The report doesn’t identify a need to halt extraction of natural resource commodities, but rather focuses on ways to further increase the energy efficiency of the mining industry — which has made significant progress already in productivity and energy efficiency but can do much more. Only 2.5% of the mining sector’s electricity mix is sourced from renewable energy, but that figure could be increased dramatically. The authors of the report believe that a large portion of the electricity consumed by the mining sector could be sourced from renewable energy at or below the cost of traditional diesel generators or grid power.
“Today, serving even a fraction of the electricity load of a large mining site via renewable energy can mean adding tens of megawatts (MW) of new renewable capacity in a single project,” the authors of the report state. “Over time, this can lead to the displacement of an equivalently large amount of diesel-generated electricity and its associated carbon emissions. “
Of course, there is the possibility that in the future the total amount of material being dug out of the ground will decrease. In 2014, 17.4 billion metric tonnes equivalent of mineral raw materials were extracted by the extractive industry, of which 7 billion metric tonnes were oil and gas. The mining industry itself is a subset of this larger sector and deals with the extraction of solid minerals — including coal. The mining industry extracted 10.4 billion metric tonnes of material in 2014, of which over ¾ was coal.
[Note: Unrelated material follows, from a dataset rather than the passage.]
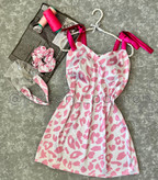 پیراهن بنددار ساتن Lx طرح پلنگی سفید صورتی پرمه
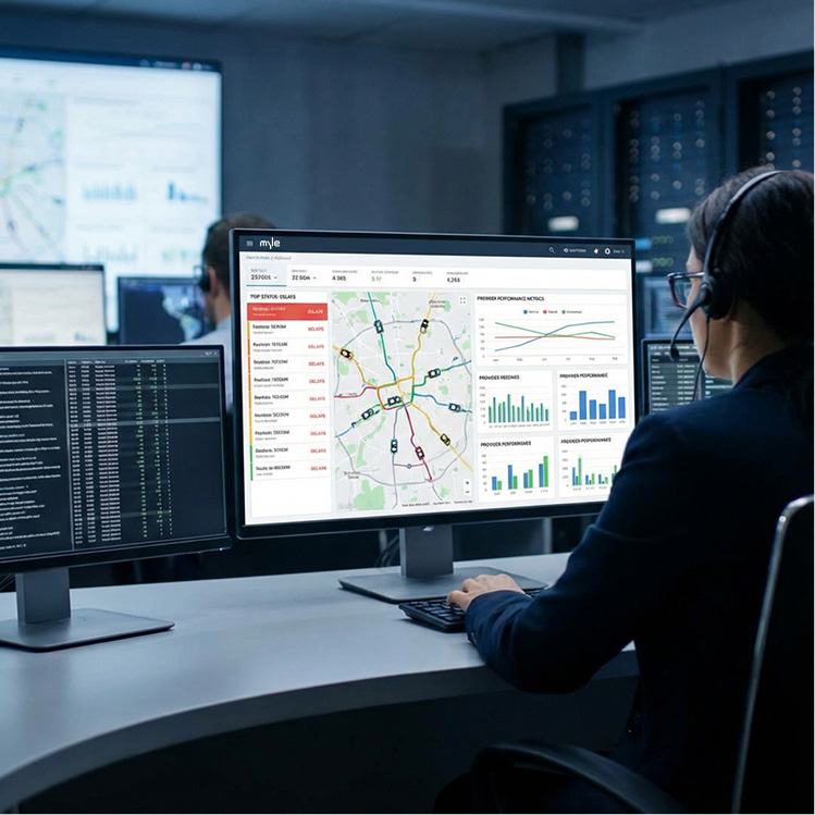 MYLE provides live monitoring for every trip in progress, enabling dispatchers, oversight teams, and contracting authorities to see:

The Mining Industry as a Subset of the Extractive Industry
So, in the future, some of these numbers may decrease naturally, as the coal industry is finally put to rest in the coming decades. However, humanity will likely always need something out of the ground, and it is important that — as with every other industry and sector — the mining industry is decarbonised to the fullest extent. The authors of the report explain that, “Even though extracting raw materials is necessary, doing so in a carbon-intensive manner is not.”
The global energy consumption of the mining industry in 2014 amounted to almost 1,400 Terawatt-hours (TWh) — not bad, considering the total energy consumption of Spain was just above 1,300 TWh. Modern-day energy economics make it possible to integrate renewable energy to reduce carbon intensity for mining sites.
The authors of the report compared the levelised cost of electricity (LCOE) for solar, gas peaking, and diesel generation found at remote, off-grid mining sites. They revealed that there are significant advantages for switching to renewable energy.
Levelized Cost of Energy: Fossil Fuels vs. Solar
There are numerous benefits for switching to renewable beyond just swapping out fossil fuels for renewables. There has always been volatility in fossil fuel prices, impacting both grid-connected and off-grid mining sites. Swapping to an on-site solar energy and storage system would create supply stability and insulate the industry from fossil fuel price spikes. Further, a larger-than-necessary solar project that is connected to the grid could not only supply all the electricity needs of the site, but also generate extra electricity that can be sold back to the grid. Of course, there are also the less-tangible benefits, such as creating shared value, improving community relations, mitigating climate risks, and creating value out of closed mines.